In another example of the oddity of categories, survival horror game The Last of Us won two awards this year that it won last year as well –Best Performer and Best Story – because it released a downloadable prequel called Left Behind early in 2014. As good as The Last of Us was, it’s hard not to feel that a separate category for downloadable content might have been a good idea. On a different release schedule, Left Behind would have been covered by last year’s victories.
Destined to win
The most stand-out result of the night was undoubtedly Destiny, if only for dubious reasons. The first-person shooter by the makers of Halo won Best Game despite failing to take home Best Multiplayer, Best Persistent Game or Best Game Design – all qualities on which its success as an online, multiplayer based shooter should hang. The game, which received a muted critical reception, is reminiscent of the oft-stated adage that Best Picture awards tend not to go to the best film but the least controversial one.
Worse still, aside from the breakout Monument Valley, the other nominees for Best Game were all marquee releases for major publishers, including licensed monsters Shadow of Mordor and Alien: Isolation. Also featured were franchise instalments Dragon Age: Inquisition and Mario Kart 8, the latest in a series which began in 1992.
Of course, awards in any artistic medium are a matter of opinion. A majority of Bafta’s voters and jurists may genuinely feel that Destiny was the finest game 2014 had to offer.
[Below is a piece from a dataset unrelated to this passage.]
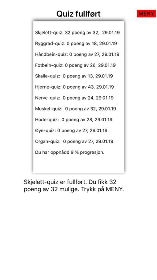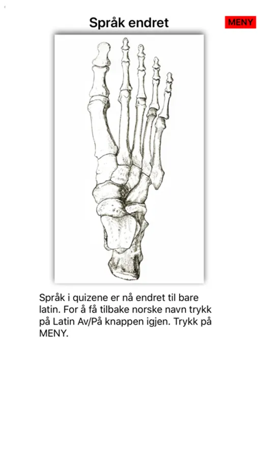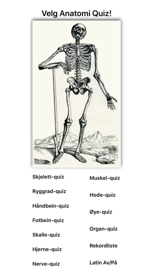 Anatomi på Norsk har over 590 navn på strukturer i skjelett, organer, muskler og hjerne. Quizene er på norsk, men kan kombineres med terminology på latin.

The results seem to suggest that most indie titles can only compete with the big-budget monsters in one or perhaps two narrow areas, leaving bigger games to claim most of the biggest awards by sheer force of wallet size.
It seems the still-fledgling ceremony needs to develop its structure to better fit the industry before it can truly stand alone. There’s nothing wrong with giving prizes to inoffensive instalments of well-loved, long running series, but at the same time we should think carefully about how we compare the qualities that games possess so that some can win a small gold award.